Tag Archives: writing in response to informational texts

Orally rehearsing with key words can boost writing

Do your students struggle to compose sentences about nonfiction topics that make sense or sound right? Do they lack structure at the sentence and paragraph level? Here’s a few tricks I’ve been trying with small groups of late-early and transitional stage readers.

As part of a conversation generate key words they will use to orally rehearse and then write. I’ve started including a key word for the introductory sentence and the closing sentence as well. The “conversation” aspect of this is important. I position the students as writers with a clear audience. With late-early stage readers and the book Beetles by Edona Eckart, the students and I generated the words many kinds, glow, wings, colorful, interesting. I started the conversation by saying, “If we were going to write about what we learned, how would we start? Then what would we say?” (I don’t say, “Let’s list five words we will use.”) When a student shares a sentence aloud (after I coach or scaffold as needed), then I say, “What’s a key word from that sentence that we can write down to help us remember what we want to write?”

The photo below is from the lesson with the book Beetles. Each of these words would be used in a sentence to compose a response to the prompt What did you learn about beetles in this book?

With a transitional stage group reading The Future of Flight by Anna Harris (part of McGraw-Hill’s Wonders), the students had done a close reading of the two pages about the myCopters (small flying vehicles). The prompt for writing was “In a letter, convince someone in your family to buy a myCopter instead of a new car.” Our key words – included believe for an introductory sentence and please for a closing sentence. I started the conversation by saying, “If you are going to convince someone to buy a myCopter instead of a car, what do you want to say first?”

Then model for the students how you might use each key word to compose as sentence and draw them into orally rehearsing. So I said to the students, “Listen to me as I use these words to help me practice what I will write. I’m going to use the first word…There are many kinds of beetles. Who can compose a sentence with our second key word?”

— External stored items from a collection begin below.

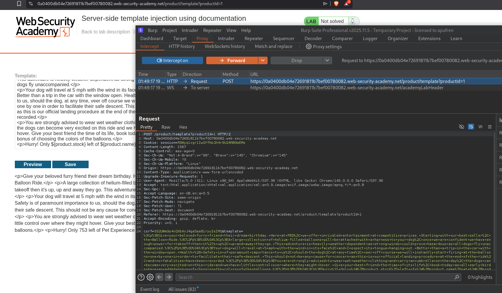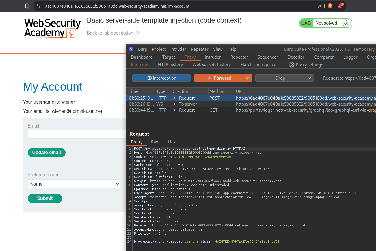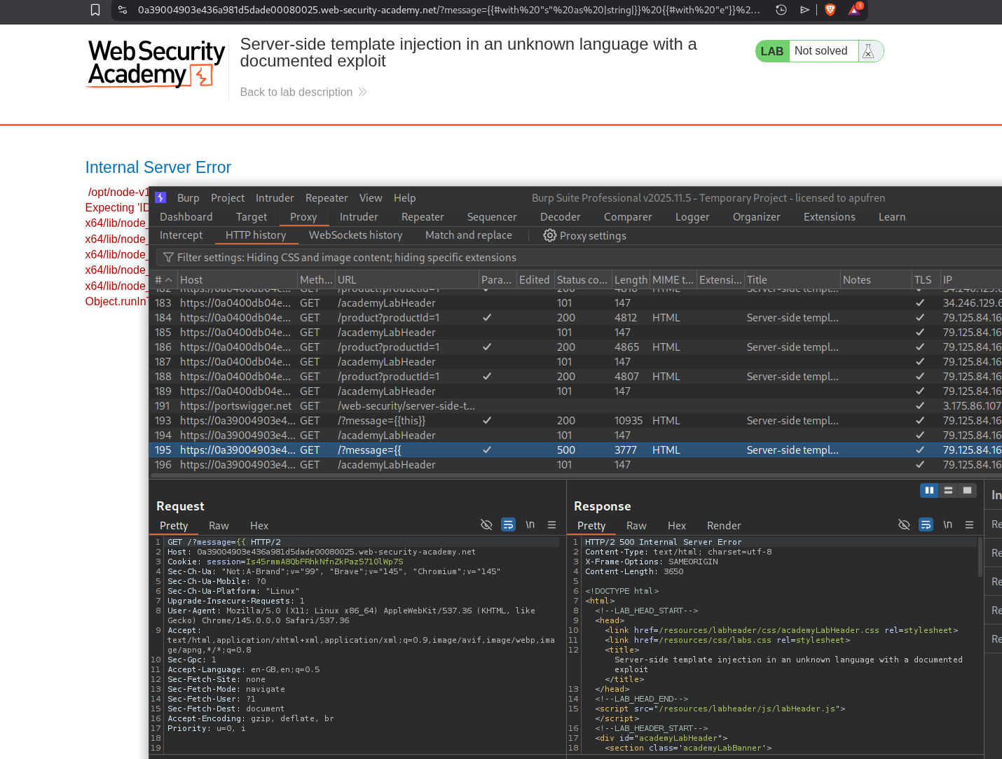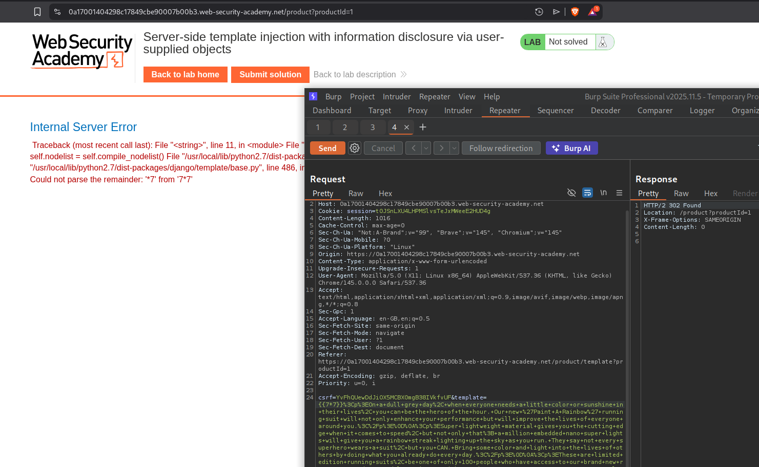 Completed all 7 Server-Side Template Injection (SSTI) labs from Portswigger. SSTI is one of the most impactful web vulnerabilities—when template engines process user input without sanitization, attackers can inject template expressions that execute arbitrary code on the server. These labs covered exploiting SSTI across five different template engines: ERB (Ruby), Tornado (Python), FreeMarker (Java), Handlebars (JavaScript), and Django (Python)—from basic expression injection to sandbox escapes and custom exploit development using leaked source code. Below is a detailed explanation of SSTI vulnerabilities followed by step-by-step walkthroughs for each lab.
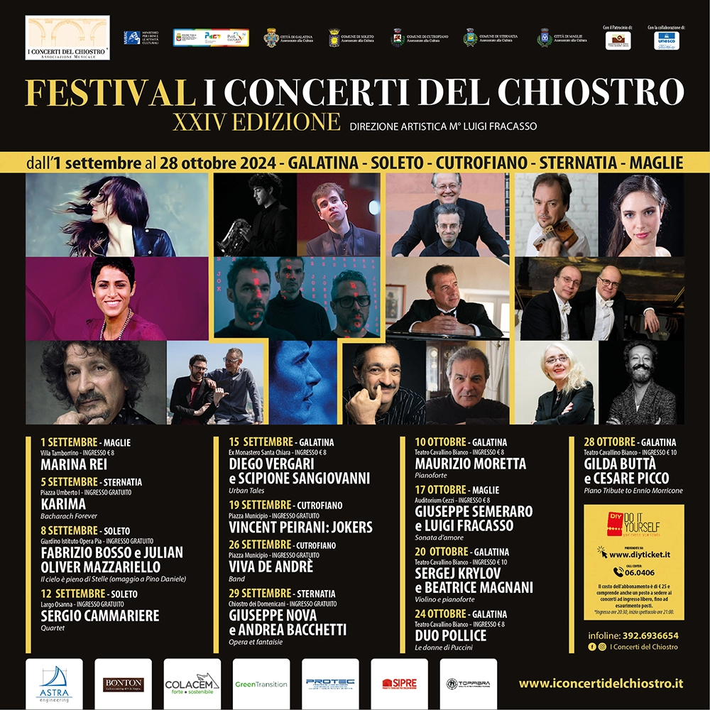 È organizzata dall’Associazione Musicale I Concerti del Chiostro, con il contributo e il patrocinio di Città di Galatina, Comune di Soleto, Comune di Cutrofiano, Comune di Sternatia e Città di Maglie, con il patrocinio del Conservatorio di Musica “Tito Schipa” di Lecce e in collaborazione con il Club Unesco di Galatina e della Grecìa Salentina.
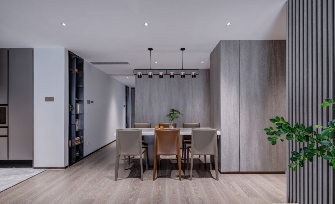餐廳承重柱是不少人會選擇回避的設計難點,設計師獨出心裁,將大理石桌面嵌入其內(nèi)遠遠望去,白色餐桌宛若浮空、靈動而輕盈,同時完美消解了承重柱礙眼的視覺效果
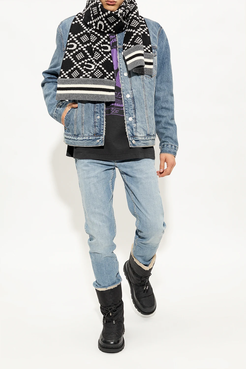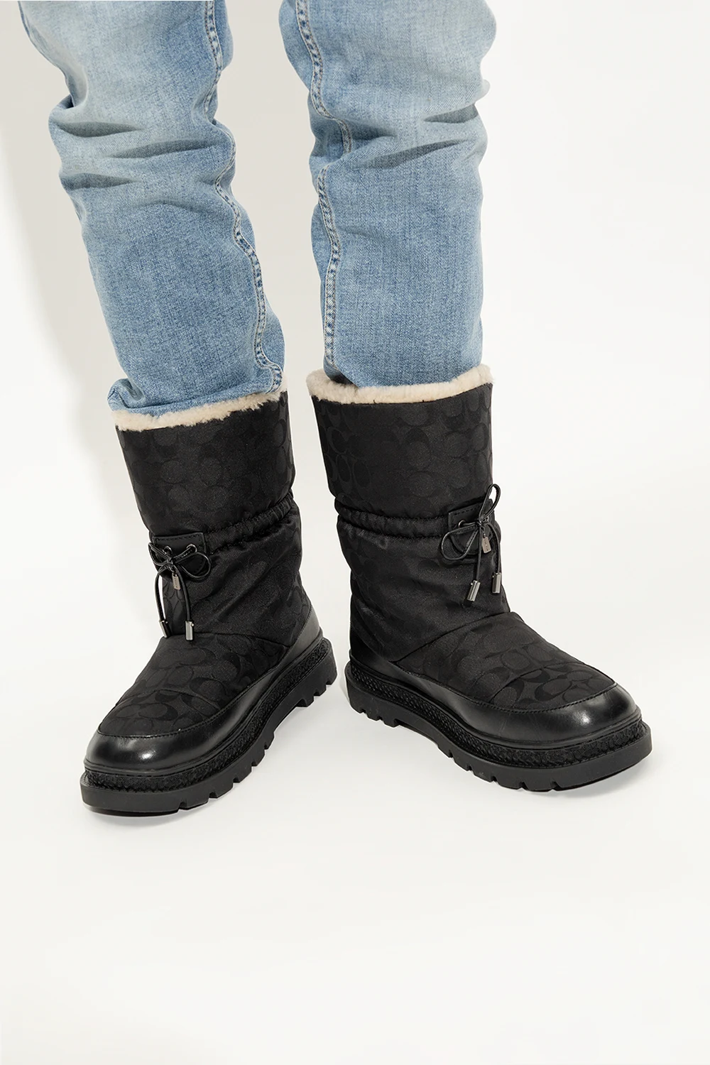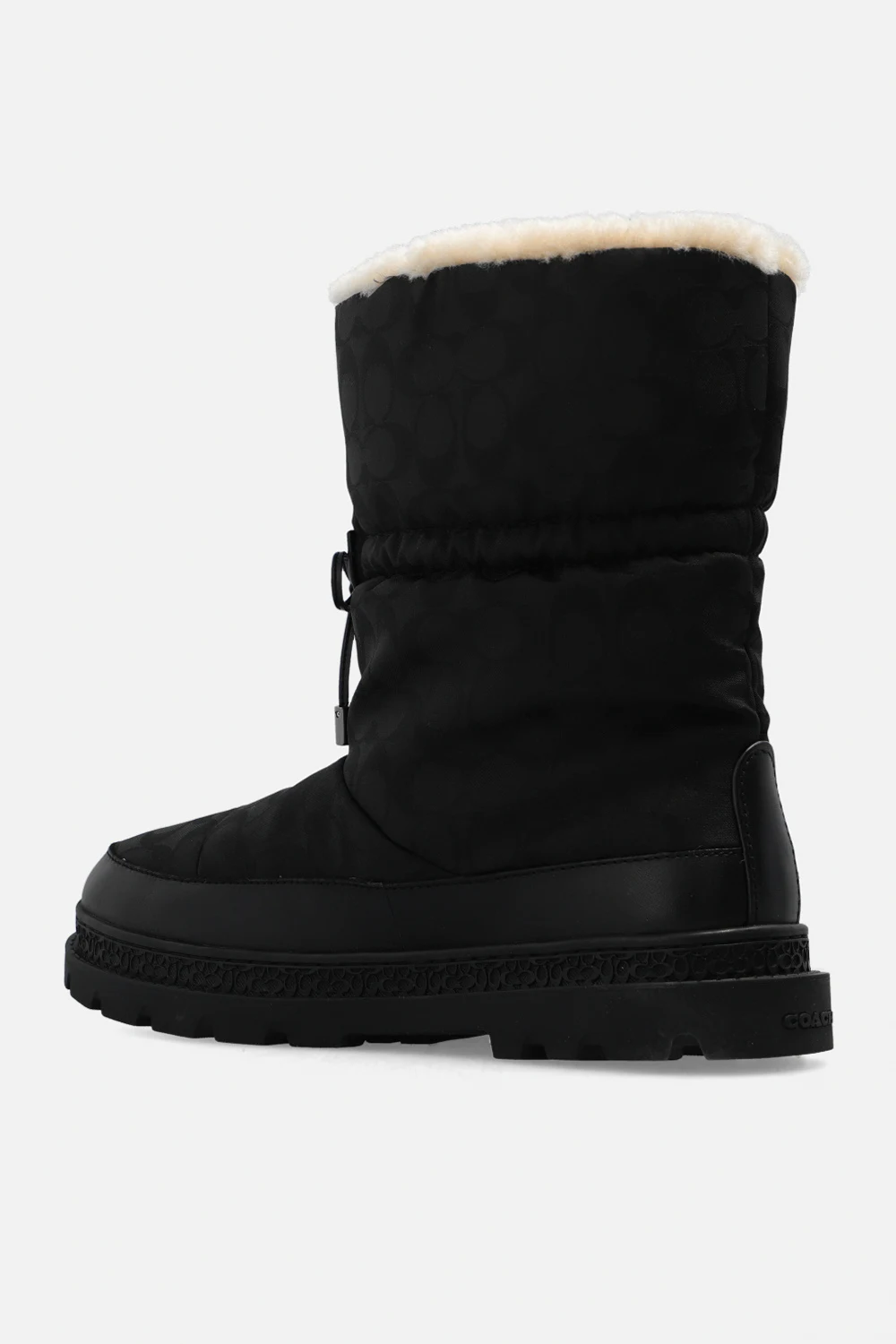 Czarne śniegowce Coach. Wykonane z materiału z recyklingu ozdobionego wzorem z monogramem. Wykończone skórą. Warstwa wewnętrzna wykończona kremowym futrem. Z przodu ściągane trokami. Czarna, gumowa podeszwa.
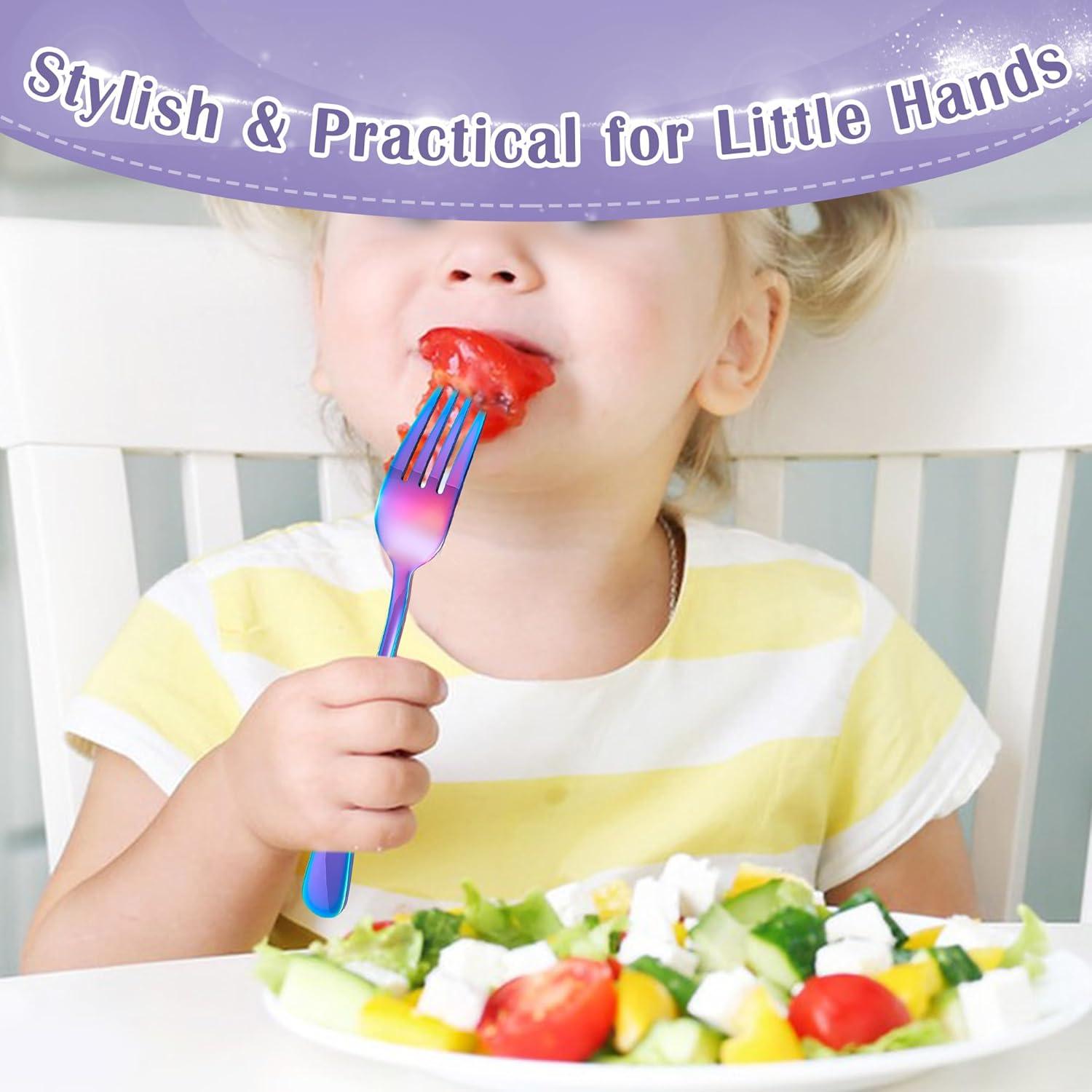 STYLISH & PRACTICAL GIFT: Miniature adult silverware in a small size helps kids feel like grow-up and encourages self-feeding, Ideal training forks and spoons for children dining set, Perfect as gifts for baby showers, birthdays, or holidays
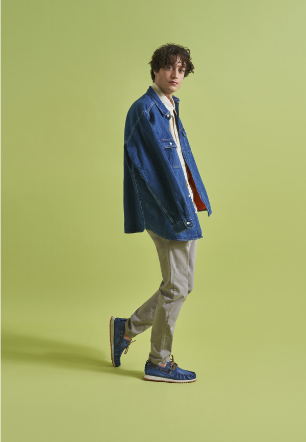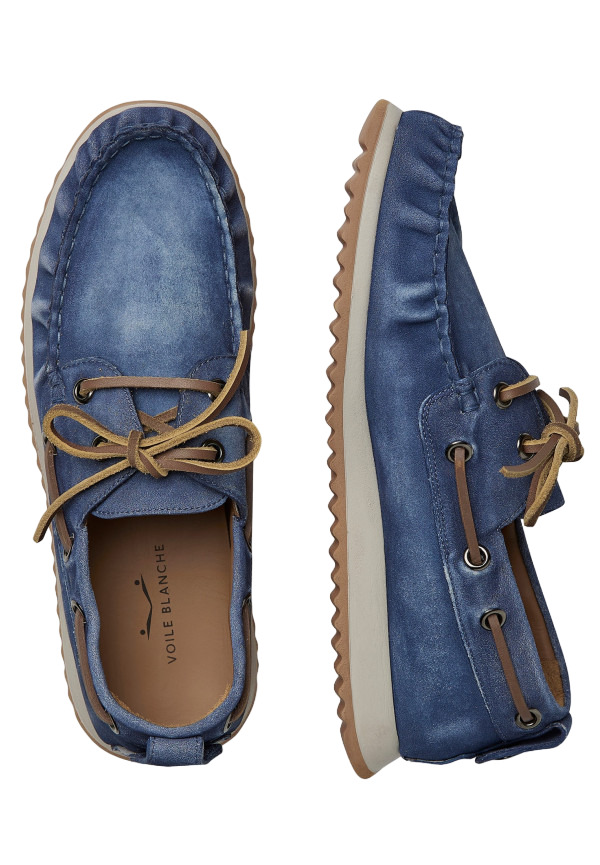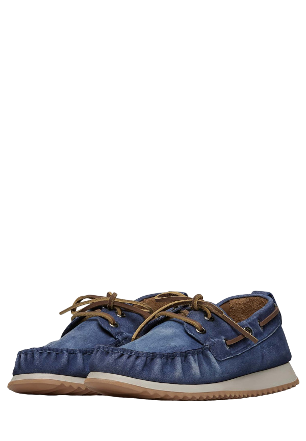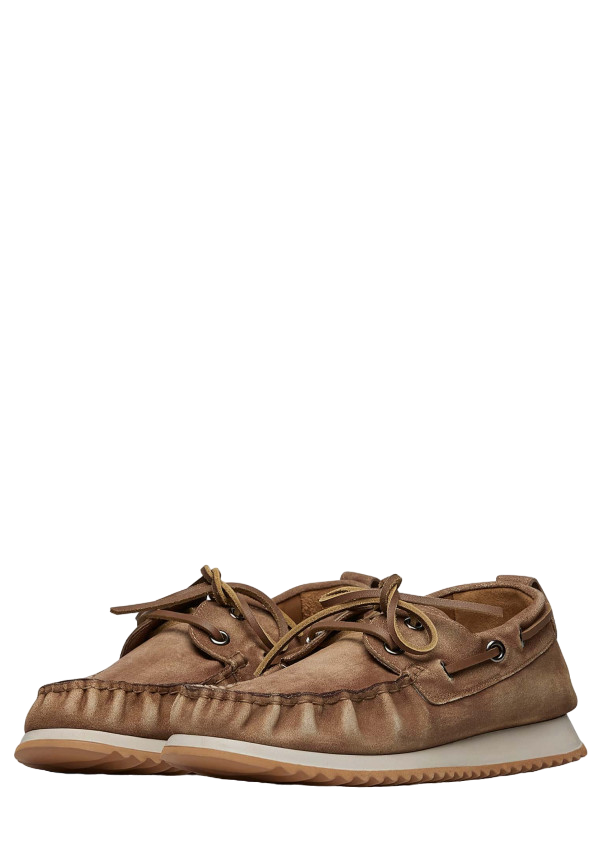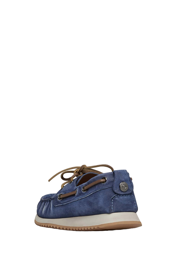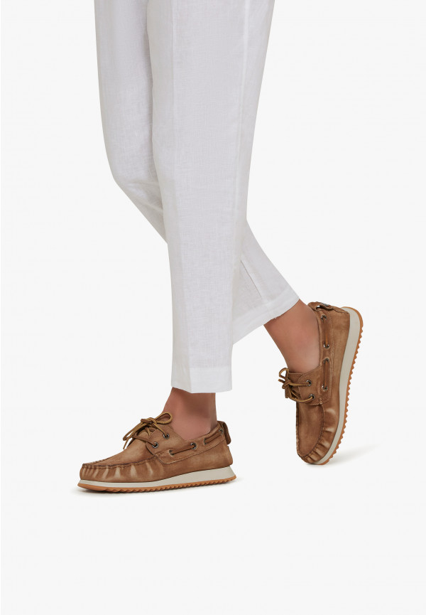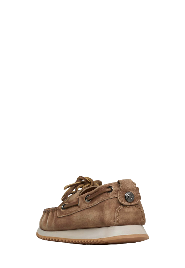 - Mocassino a barca in suede délavé, con bottone personalizzato sul retro.
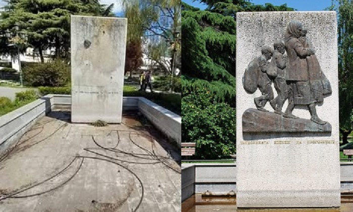 На 9 април споменикот кој се наоѓа во паркот Жена борец во центарот на Скопје беше сосема уништен, беше откорнат бакарниот рељеф, мотив на мајка со три деца и украдени буквите од натписот „Татковината копнеж на прогонетите“.
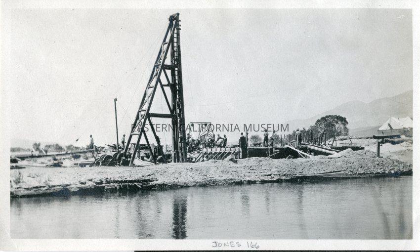 A piledriver operating on the L.A. Aqueduct, possibly at the aqueduct intake. There is a tent cabin at extreme right.
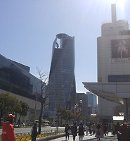 호텔에서 나와서 오른쪽으로 올라가면 횡단보도 너머에 오아시스21과 테레비탑이 보입니다.
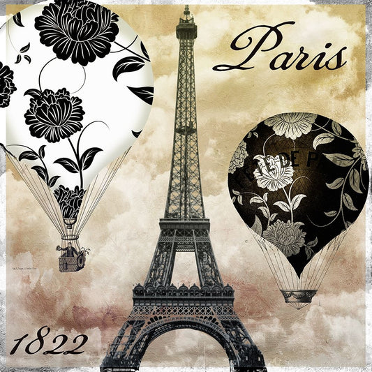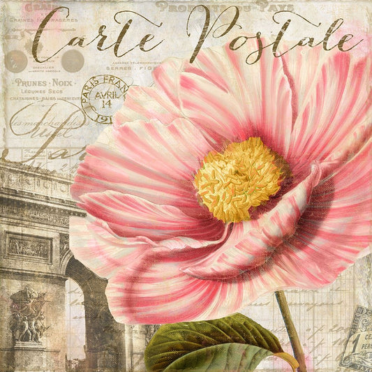 Postale Paris I Black Ornate Wood Framed Art Print with Double Matting by Sasha
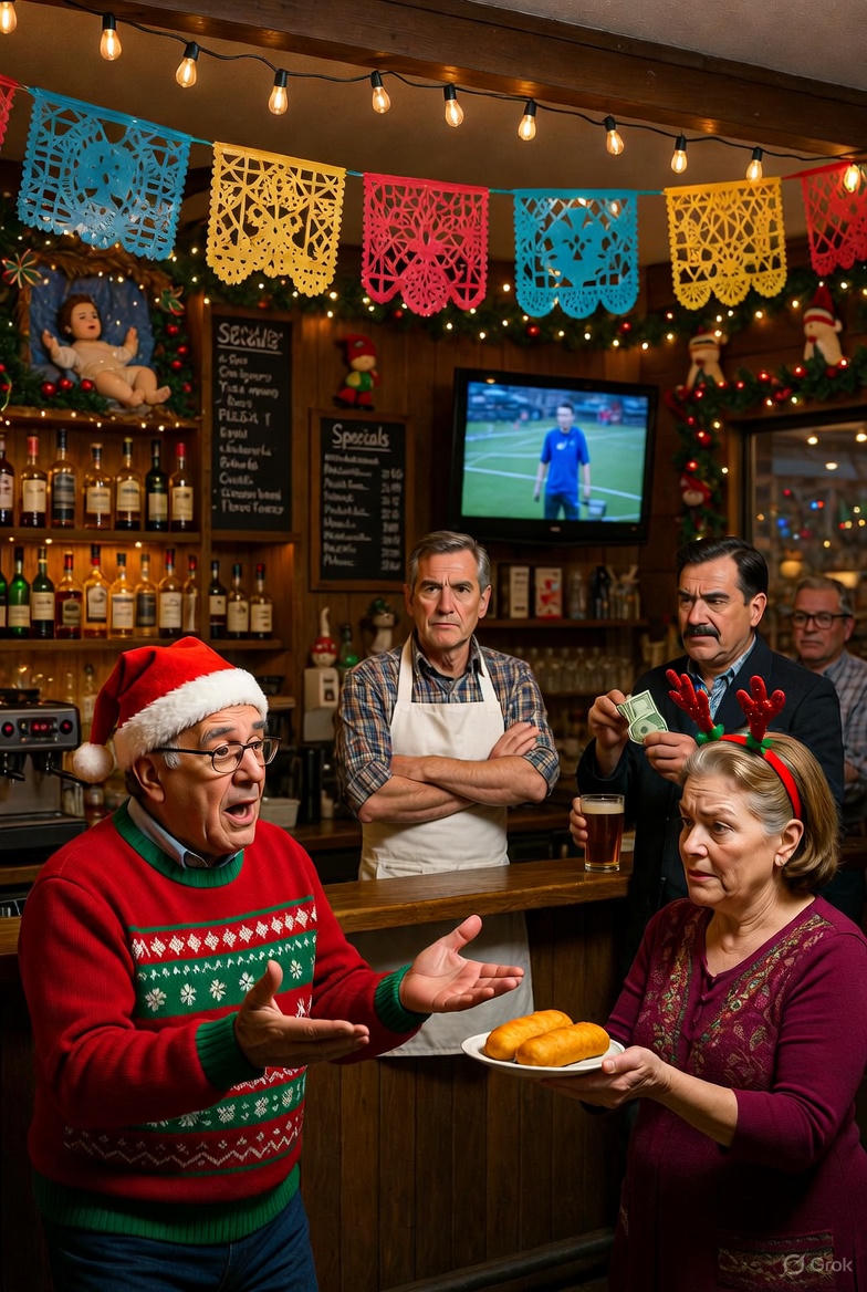 El bar estalla en carcajadas. Afuera llueve. Adentro, el aguinaldo sigue siendo el mismo cuento de nunca acabar.
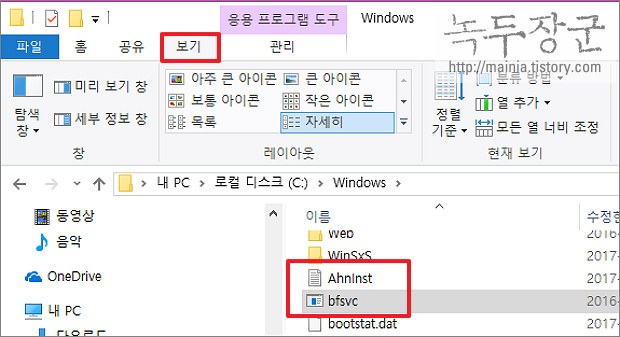 ▼ 그림처럼 확장자가 보이지 않는 파일들이 있습니다. 어떤 확장자 인지 보고 싶다면 [보기] 탭을 클릭합니다.
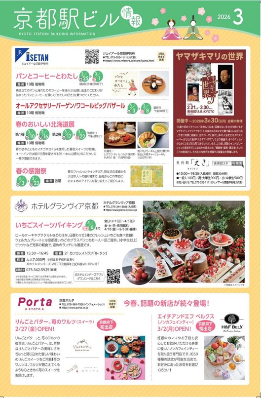京都駅ビルがお届けする「ジェイアール京都伊勢丹」「ホテルグランヴィア京都」「京都ポルタ」の旬な情報やおトクな情報、京都駅ビルで毎月開催される楽しいイベント情報など盛り沢山!
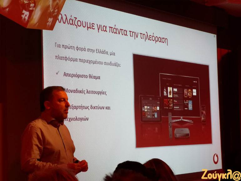 «Η Vodafone αλλάζει για πάντα την τηλεόραση στην Ελλάδα με μια σύγχρονη υπηρεσία περιεχομένου για να απολαμβάνει κανείς ό,τι θέλει, όποτε θέλει,όπου κι αν βρίσκεται.

As students practice using the key words, gently push them to use correct syntax or sentence structure. You might say, “That was tricky. Did that sound right? Let’s think about how we can make that sound right.” I had a student write “The weedy sea dragon has features that help it survive from predators.” I talked with him about how the sea dragon’s features help it avoid or escape predators and then together we revised his sentence aloud until he had the hang of it.

Ask them to practice with a partner. Students can alternate – composing sentences with every other word.

Encourage them to elaborate further (aloud) if they are ready. One student reading Beetles wanted to add details in the sentence with the key word “colorful” about the different colors of beetles. I told her “Go for it!” The key words are just triggers for remembering what they learned so if they can compose a more complex sentence or add additional sentences – yes! This also encourages students to make the writing their own and not just copy what other students are saying or writing.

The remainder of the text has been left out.